London

Met faces legal costs for Tasering Daniel Sylvester

Police with taser Image copyright Rui Vieira
Image caption Daniel Sylvester being Tasered made it feel like his nerves "had electricity going through" them

The Met is facing legal costs of several hundred thousand pounds after it "unreasonably" used a Taser on a man.

Daniel Sylvester, 53, was stopped three times in nine months by police.

On the second occasion, when Mr Sylvester was near his home in Edmonton Green, police used a Taser, sending him falling to the ground in agony.

A jury at Central London County Court awarded him damages of £8,200 for false imprisonment and assault.

He was also awarded the damages for post-traumatic stress disorder.

The court heard the Met's own legal costs of defending the claim are about £150,000 and that Mr Sylvester's will come to at least £250,000.

The Met would have to foot the entire bill, the judge ruled. The final figure will be determined at subsequent hearings.
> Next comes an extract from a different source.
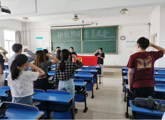本网讯 为了迎接“七一”党的生日,pp电子游戏平台网站第三学生党支部在逸夫楼301教室召开了组织党员入党宣誓活动暨“话初心、启新程”毕业生党员交流会,大会由支部书记曹国志老师主持,参加此次会议的还有10名中共正式党员、36名中共预备党员。支部书记曹国志老师带领全体党员面对党旗进行庄严宣誓,重温一次入党誓词。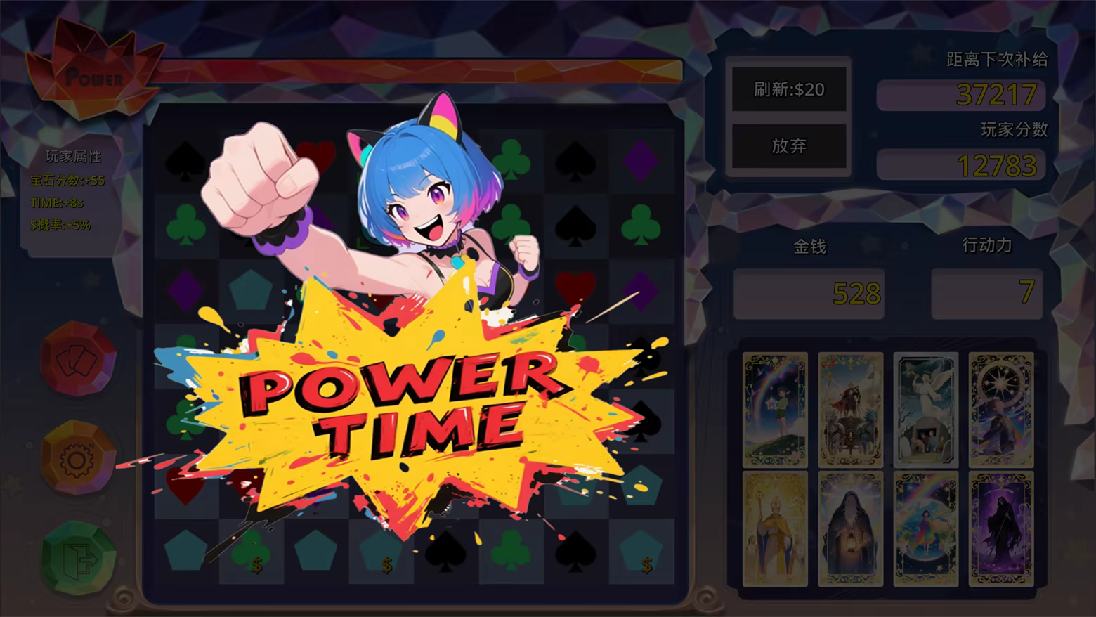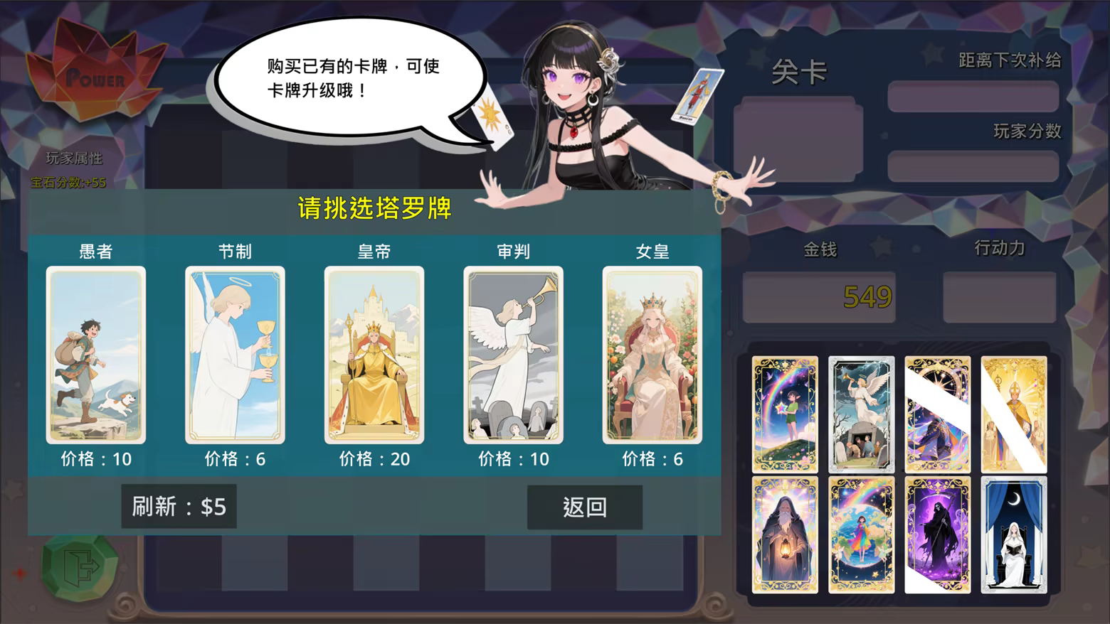 在妙趣横生的三消挑战中赚取金钱,前往商店从22张功能各异的塔罗牌中精心挑选。每一张塔罗牌都拥有3个可升级等级,丰富的组合将催生出无穷无尽的战术流派,让您的每一局游戏都充满新鲜感。

The Met said it was giving "serious consideration" to appealing against the decision.

'Like you'll explode'

Earlier the court heard Mr Sylvester was stopped three times between 2007 and 2008 by heavily armed police.
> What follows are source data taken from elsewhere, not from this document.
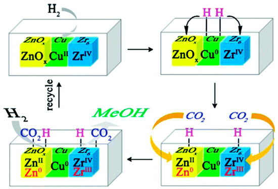 - Wang, J.; Li, G.; Li, Z.; Tang, C.; Feng, Z.; An, H.; Liu, H.; Liu, T.; Li, C. A highly selective and stable ZnO-ZrO2 solid solution catalyst for CO2 hydrogenation to methanol. Sci. Adv. 2017, 3, e1701290. [Google Scholar] [CrossRef] [PubMed]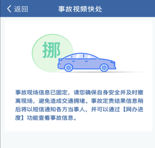 ❖ 使用简单快捷。当事人只需点击【事故视频快处】现场报警,几分钟可以完成处理,省去现场等待民警出警或者驾车去线下事故快处中心往返跑腿。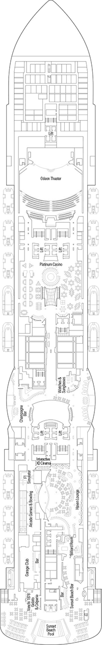- Yüzey alanı 49 m², balkon 17 m², güverte 11-14 m² - Kanepe ile oturma alanı veya ayrı oturma alanı - 2 yatak odası, biri çift kişilik yatak, diğeri ise iki tek kişilik yatak - Giyinme odası - İki banyo, biri küvetli, diğeri duşlu, saç kurutma makinesi bulunan makyaj alanları - İnteraktif TV, telefon, Wi-Fi bağlantısı (ücretli), kasa ve minibar - 5 kişiye kadar konaklama imkanı - Görsel sadece temsili olup, boyutlar, düzen ve mobilyalar değişiklik gösterebilir (aynı kabin kategorisi içinde).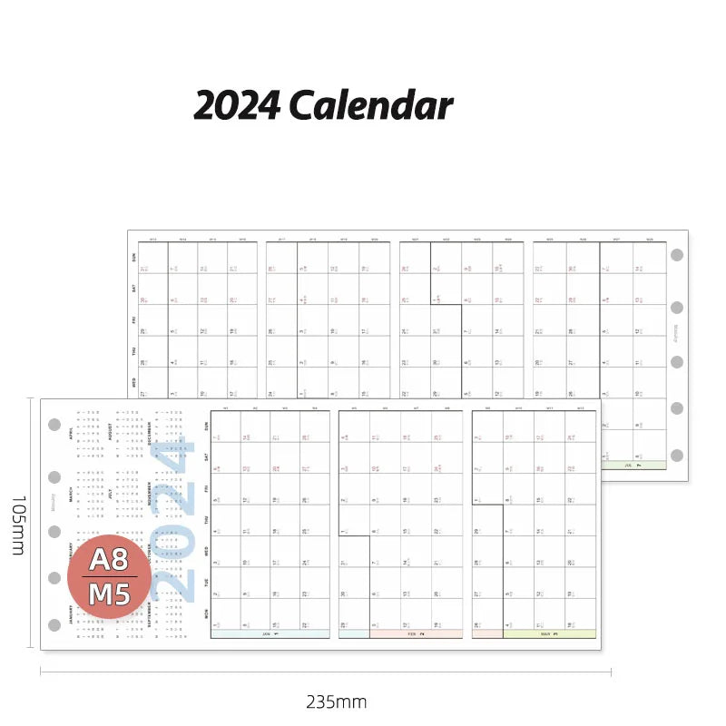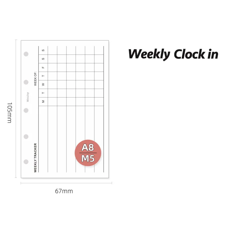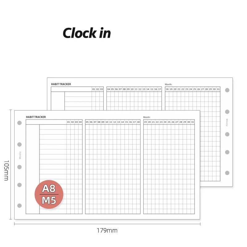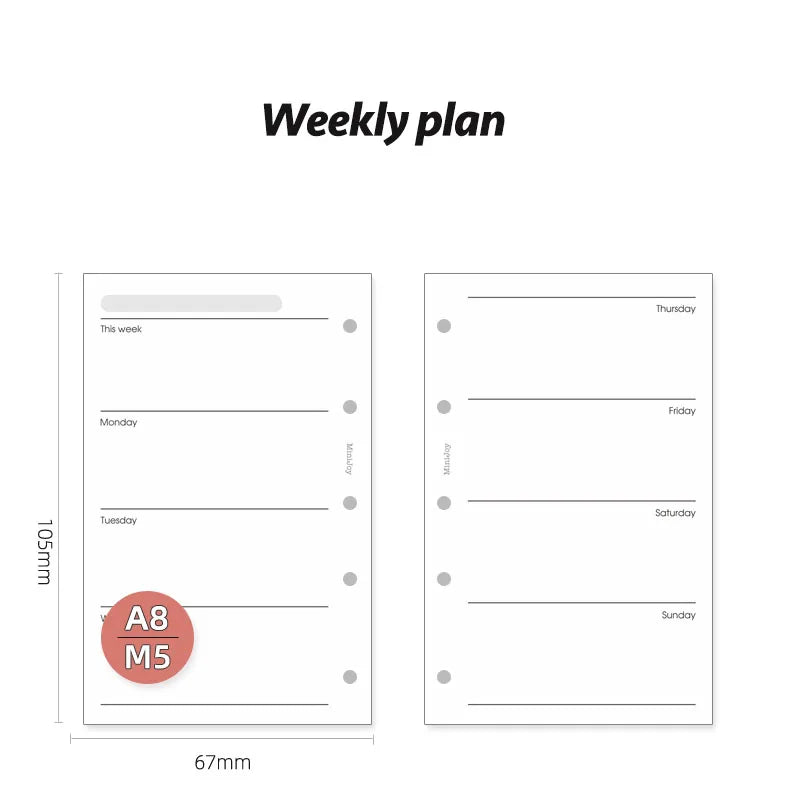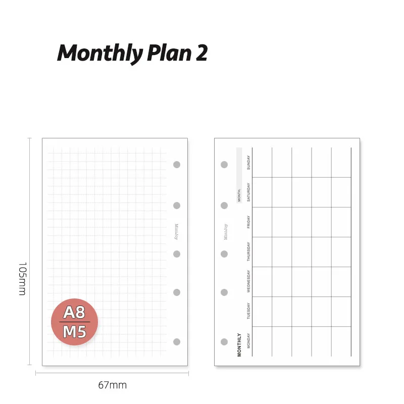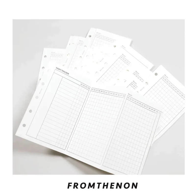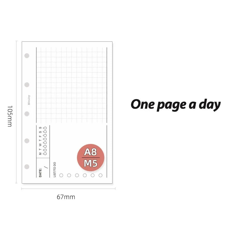 Fromthenon A8 Notebook 5 Hole Loose Leaf Core Grid Blank Monthly Plan Inner Page Writing Stationery Supplies

His car, a Mercedes 4x4, used to belong to a "violent drug-dealing gangster", the court heard.

Mr Sylvester, a 29-stone (184kg) security company boss, said he was boxed in by police officers near his home who Tasered him when he got out of his car.

A Taser stun gun uses a 50,000-volt charge to incapacitate its target.
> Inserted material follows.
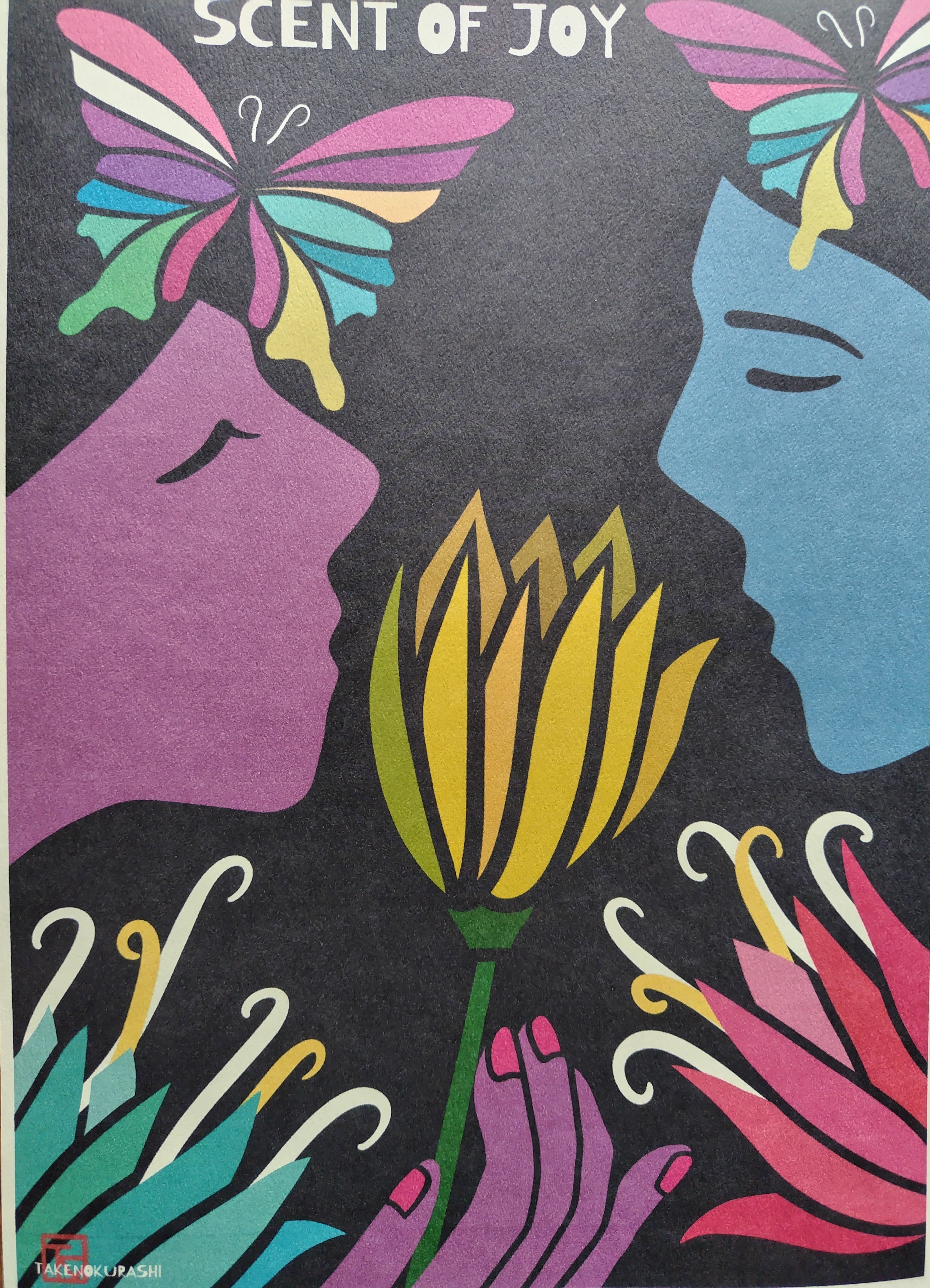 絵画のような芸術性とポスターのようなデザイン性、そこにTAKENOKURASHI独自の持つ感性を組み合わせた、ここにしかないデザインアートが生まれます。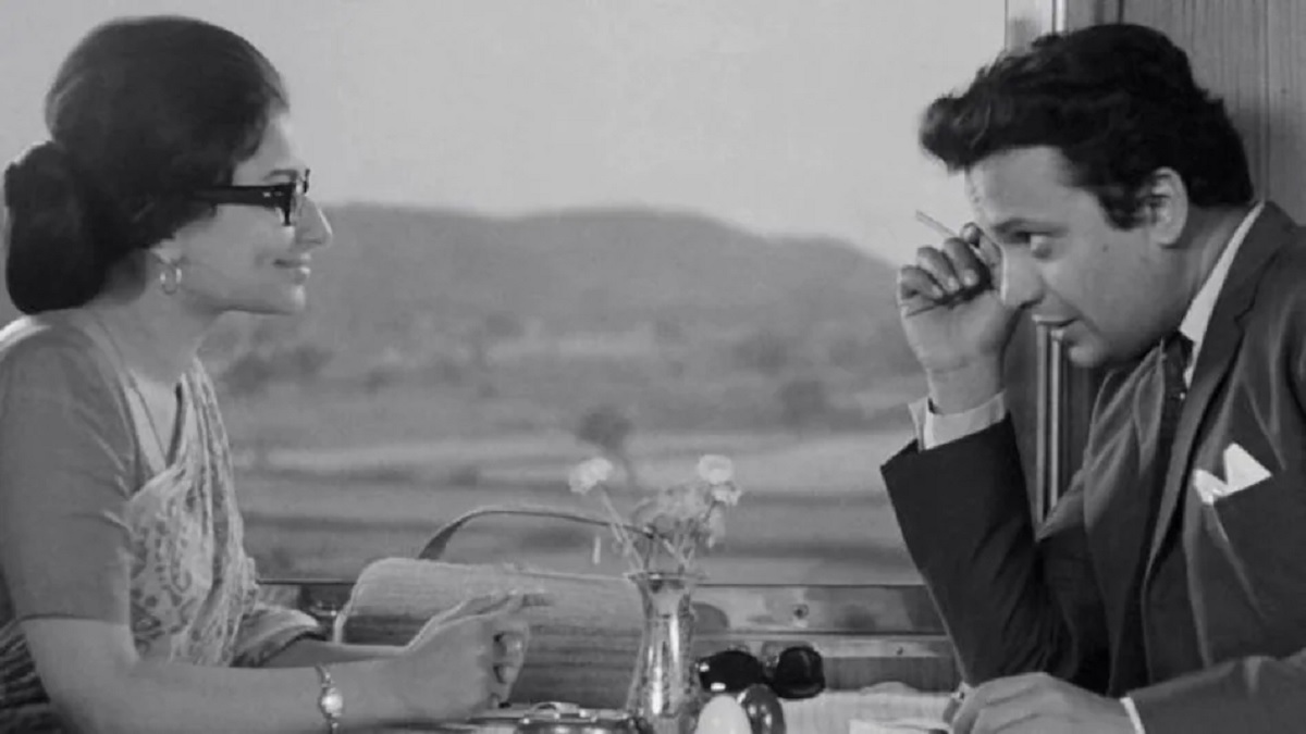 সত্যজিৎ রায়ের 'নায়ক' সিনেমার একটি দৃশ্যে মহানায়ক উত্তম কুমার ও শর্মিলা ঠাকুর।

Mr Sylvester told the jury: "The pain was nothing like I have ever had before. It was like all your nerves and nerve endings have electricity going through.

"It's like you're going to explode, all through your body, from the head to the toes.

Police did not find anything during any of the searches of Mr Sylvester or the car.

He sold the vehicle after he was followed and stopped a third time in Dalston.

Judge Simon Freeland said the father-of-seven had been successful in "establishing the tort of false imprisonment" which he said was of "real constitutional importance and significance".

He added: "The deprivation of his liberty may only have lasted for a few minutes but it was strenuously denied by the police. Mr Sylvester has established that he was assaulted. In my judgment, he has established it in a very significant way."

The judge said the jury was "not satisfied" the use of the Taser was a reasonable response.

Mr Sylvester said: "I'd give one of those officers my compensation if they agreed to have done to them what they did to me, to know how it feels."